Keith McAdam

Personal information
- Full name: Keith Paul William James McAdam
- Born: 13 August 1945 (age 81) Edinburgh, Midlothian, Scotland
- Batting: Left-handed
- Bowling: Right-arm (unknown style)

Domestic team information
- 1967: Marylebone Cricket Club
- 1966–1969: Buckinghamshire
- 1965–1966: Cambridge University

Career statistics
| Competition | First-class | List A |
| Matches | 21 | 1 |
| Runs scored | 815 | 1 |
| Batting average | 20.89 | 1.00 |
| 100s/50s | –/3 | –/– |
| Top score | 63 | 1 |
| Balls bowled | 12 | – |
| Wickets | – | – |
| Bowling average | – | – |
| 5 wickets in innings | – | – |
| 10 wickets in match | – | – |
| Best bowling | – | – |
| Catches/stumpings | 10/– | –/– |
- Source: Cricinfo, 7 May 2011

= Keith McAdam =

Keith Paul William James McAdam DL (born 13 August 1945) is a former Scottish cricketer and a specialist in tropical diseases.

==Cricket career==
McAdam was a left-handed batsman. He was born in Edinburgh.

McAdam made his first-class debut for Cambridge University against Surrey in 1964. He played 19 further first-class matches for the university, the last coming against Oxford University in 1966. In his 20 first-class matches for the university, he scored 752 runs at a batting average of 19.78, with two half centuries and a highest score of 59. In 1967, he played a single first-class match for the Marylebone Cricket Club at Lord's, making his highest first-class score in the MCC first innings, scoring 63 before being dismissed by Stephen Russell.

McAdam made his debut for Buckinghamshire in the 1966 Minor Counties Championship against Berkshire. He played seven Minor Counties Championship matches for Buckinghamshire between 1966 and 1968. He made his only List A appearance for Buckinghamshire against Middlesex in the 1969 Gillette Cup, scoring one run before being dismissed by John Price.

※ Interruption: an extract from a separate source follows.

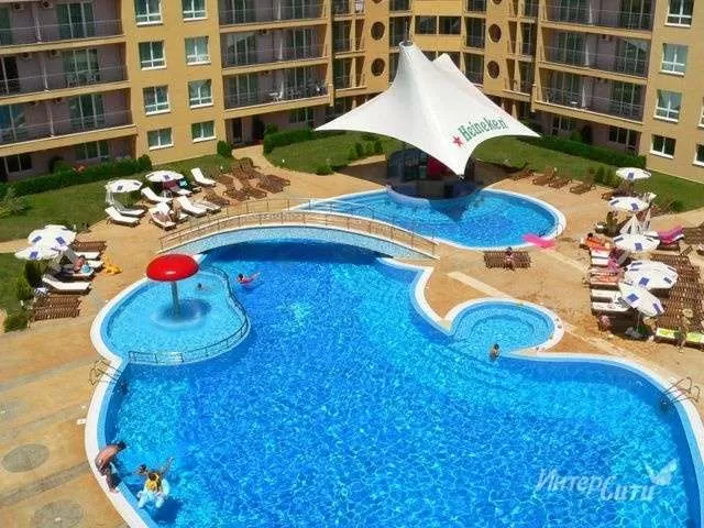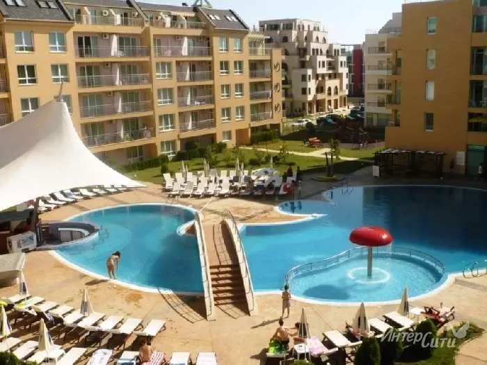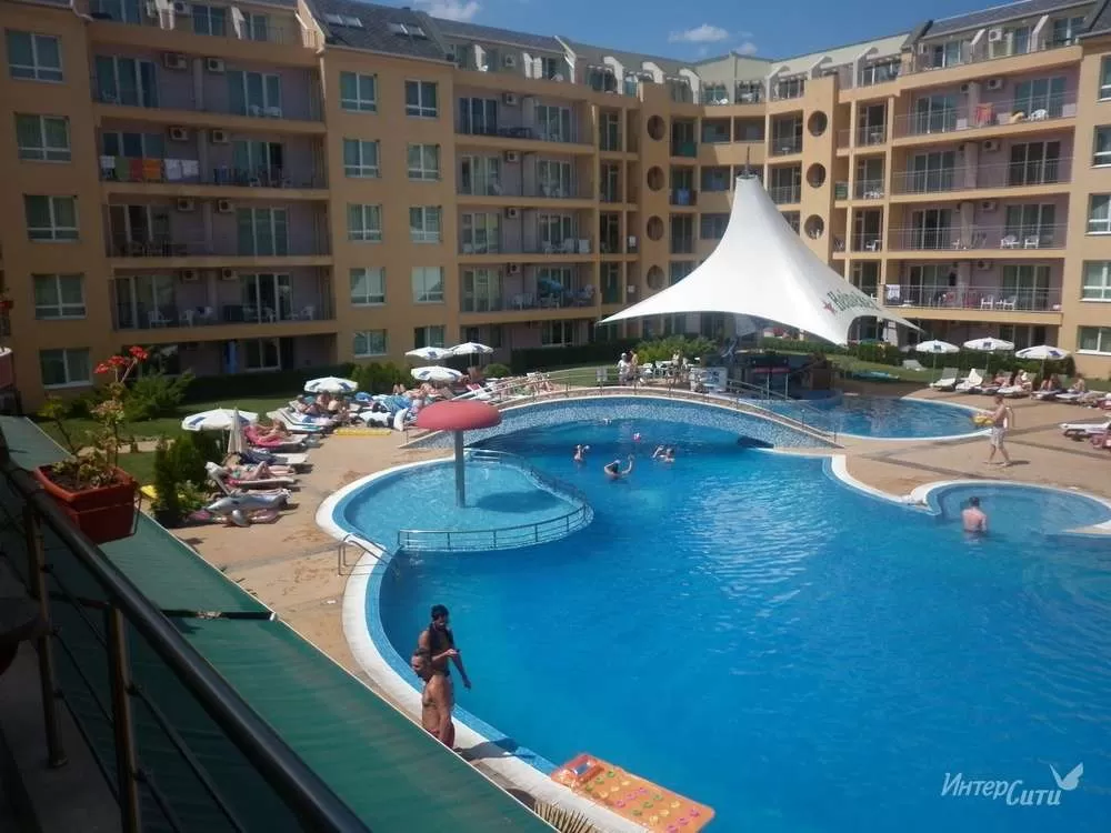 В юго-западной части курорта, расстояние до пляжа – 500, расстояние до центра – 2800 м
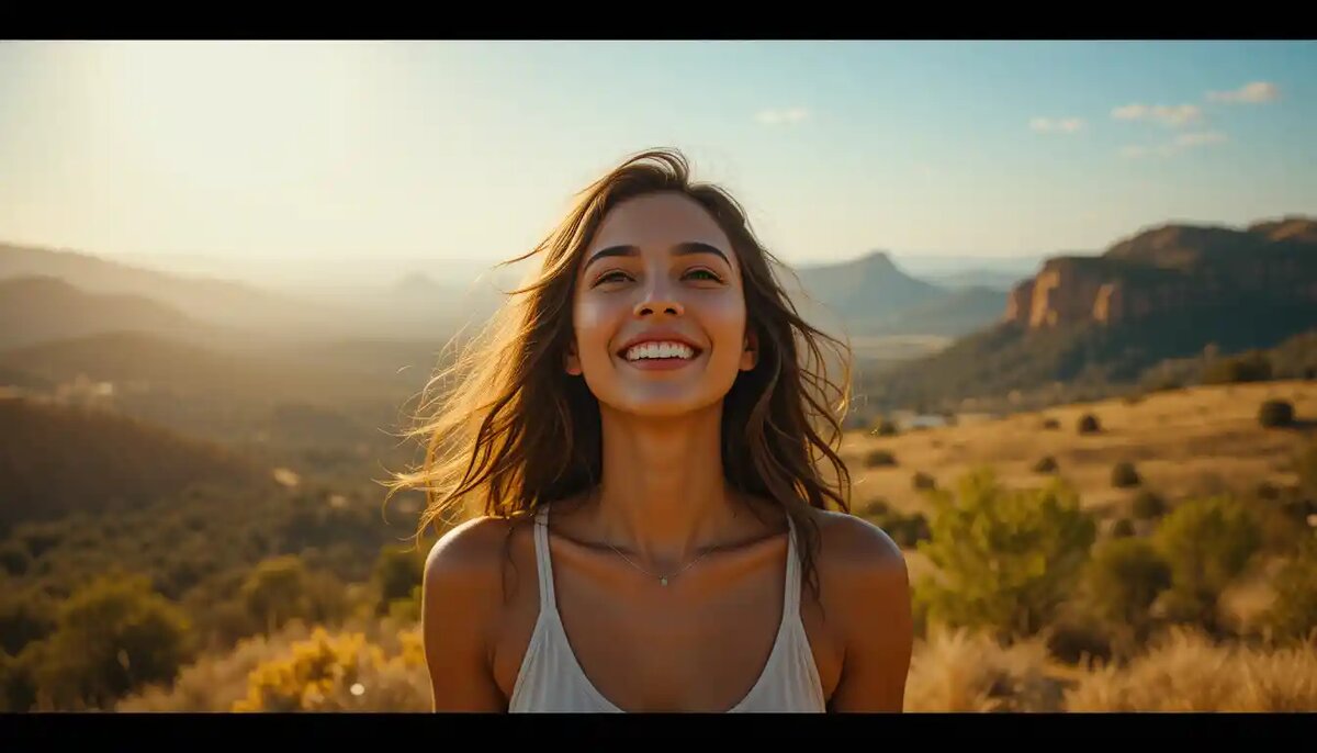 На золотистой холмистой равнине раскинулась картина величавой естественности. Девушка, словно воплощение утреннего солнца, улыбается, как будто приветствуя новый день. Ветер нежно играет с её волосами, мерцающими в свете, как потоки янтарного света. Виднеются далёкие горы, окутанные голубоватой дымкой. Эта сцена пронизана духом свободы, бескрайности и тихого счастья. Чувствуется шёпот времени, разговоры о вечных переменах, о земной и небесной гармонии. Закат за спиной привносит нотки меланхоличного вдохновения, как в поэзии Заболоцкого, где природа и человек сливаются в одном ритме. Кажется, этот миг может длиться вечно, оставляя после себя сладкое послевкусие непостижимого мира.

==Education and medical career==
McAdam grew up in Uganda, where his father, Sir Ian McAdam, was Professor of Surgery at Makerere University. He attended Prince of Wales School in Nairobi, Millfield School in England, and Clare College, Cambridge, where he studied medicine.

He became an eminent physician, specialising in tropical diseases. He is the founding director of the Infectious Diseases Institute in Kampala, the associate international director at the Royal College of Physicians in London, and is on the International Board of the African Medical and Research Foundation.

He is the founder of the charity "Music for my Mind", which uses music to help dementia patients and a Deputy Lieutenant of Hertfordshire.